Mettre son expérience au service des autres 

En septembre 2019, après près de trois années à la tête du Conseil mondial du diamant, Marie-Chantal Kaninda rejoint Glencore RDC en tant que Vice-présidente Head of Corporate Affairs. Si la bonne gouvernance et l’assainissement du secteur privé sont à ses yeux des conditions sine qua non pour attirer plus d’investissements dans son pays d’origine, la nouvelle responsable de Glencore milite aussi depuis des années pour une meilleure inclusion des femmes dans le monde professionnel — particulièrement dans le secteur des mines — et collabore à cet effet avec la Fédération des entreprises du Congo (FEC) et la Chambre des mines

Seconde vice-présidente du Comité national de football féminin en RDC, membre de plusieurs conseils d’administration dont celui de la Standard Bank, présidente du British Congo Business Group (BCBG), mentor pour plusieurs jeunes entrepreneuses congolaises et habituée des classements Forbes Afrique des femmes les plus puissantes du continent, elle rêve de voir ses sœurs congolaises, et plus largement les Africaines, accéder plus facilement à l’éducation et à des postes de responsabilité. 

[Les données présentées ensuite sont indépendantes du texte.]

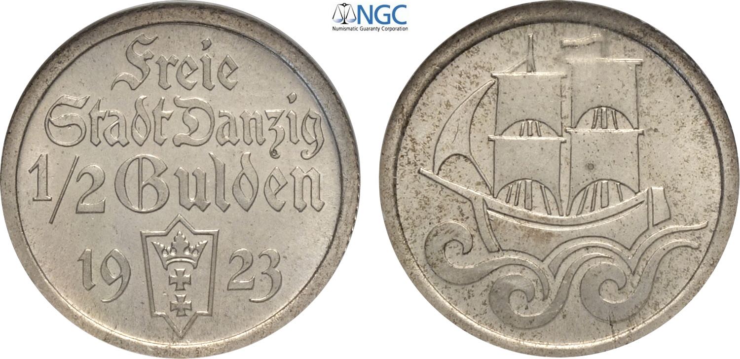 Danzig, Free City (1920-1939), Proof 1/2 Gulden 1923, Ag 20 mm 2,5 g, in Slab NGC PF64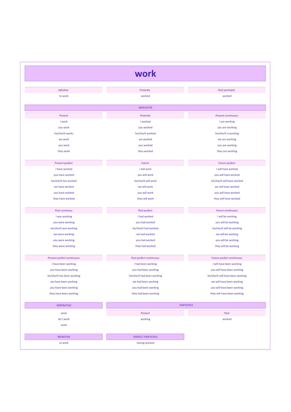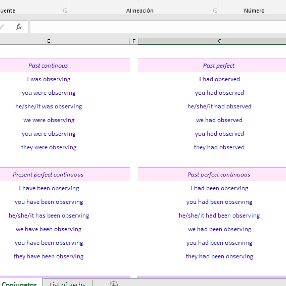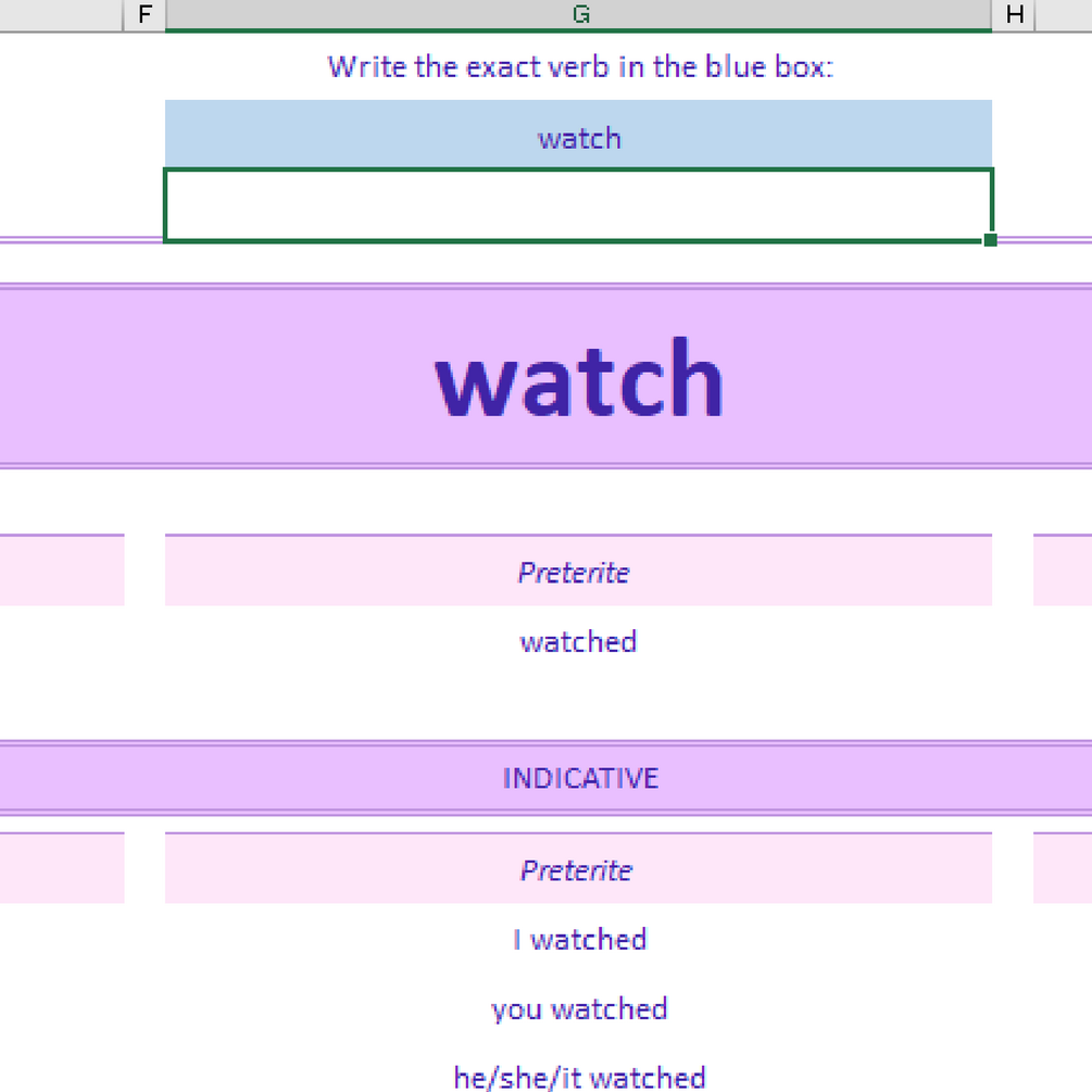 🇺🇸 This Excel file contains more than 3000 verb conjugations. Ideal for everybody who wants to learn English. Use this excel to practice conjugating verbs or use as a reference chart for verb tenses in more advanced levels. Learn Verb Forms easily using this Excel file and improve your English.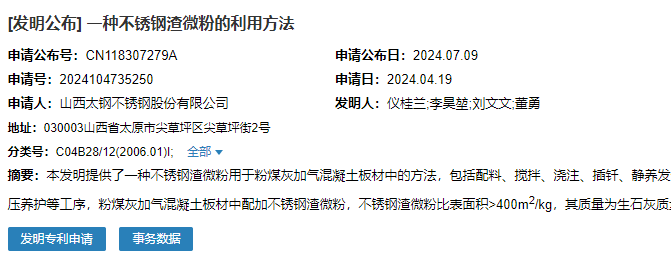 2024年7月9日,山西太鋼不銹鋼股份有限公司成功申請一項名為“一種不銹鋼渣微粉的利用方法”專利,申請公布號為CN118307279A,申請日期為2024年4月19日。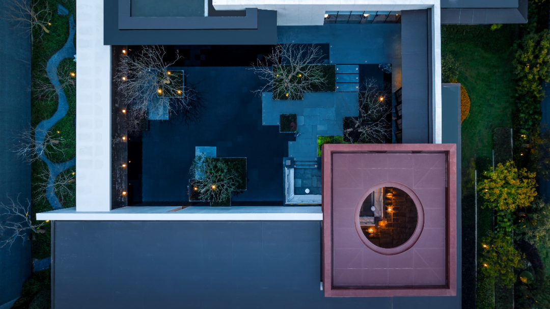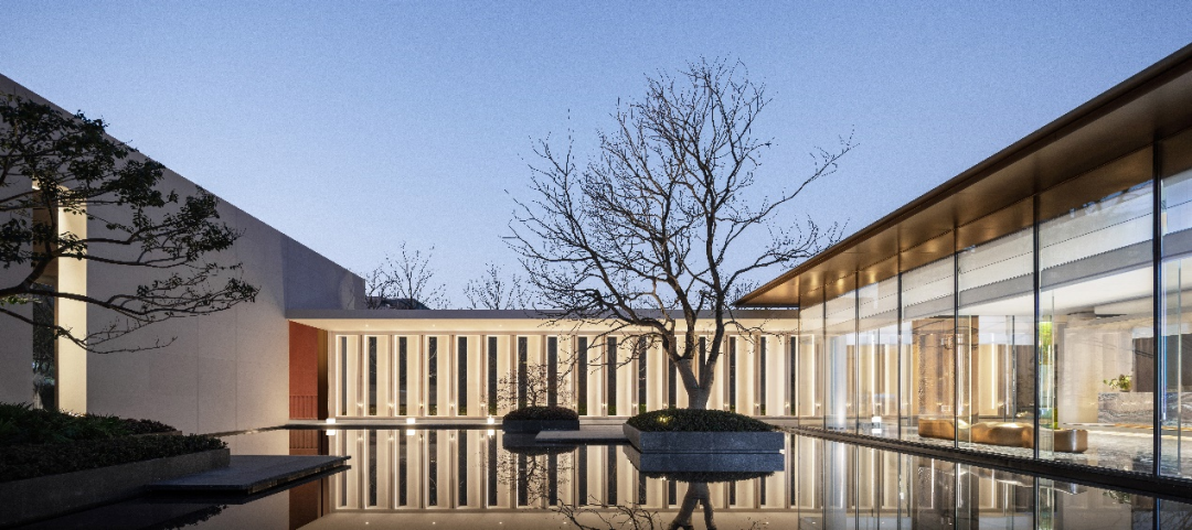 *水榭庭院,心境过渡:穿过府门,步入“光影回廊”,22根弧形柱廊如水波律动,与中央水景相映成趣。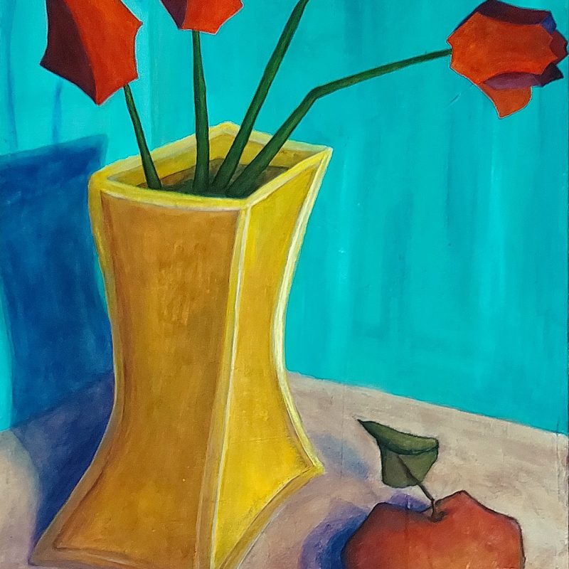 This landscape in mixed media has gone through many processes to arrive at its abstracted form. The underpainting was thickly applied in deep tones in an impressionist style with areas of collage added then more acrylic glazing layers also applied.  Finally selecting areas to erase with abrasive materials, adding back in the odd line and shadow before adding a final clear varnish.

C’est dans cette optique qu’elle a créé en 2011 la fondation Marie-Chantal Kaninda Muelu (MCKM), une organisation à but non lucratif qui vise à contribuer à l’émancipation des femmes et des jeunes filles — particulièrement en milieu rural — en facilitant leur accès à l’éducation scolaire et leur insertion professionnelle. Parmi les activités de cette structure, des programmes destinés à l’instruction de la jeune fille et à l’accès des femmes aux métiers techniques, à travers l’octroi de plus de 100 bourses par an. Un engagement fort qu’elle assume pleinement. Car pour elle, c’est une évidence, «on ne peut pas parler de développement sans intégrer les femmes ».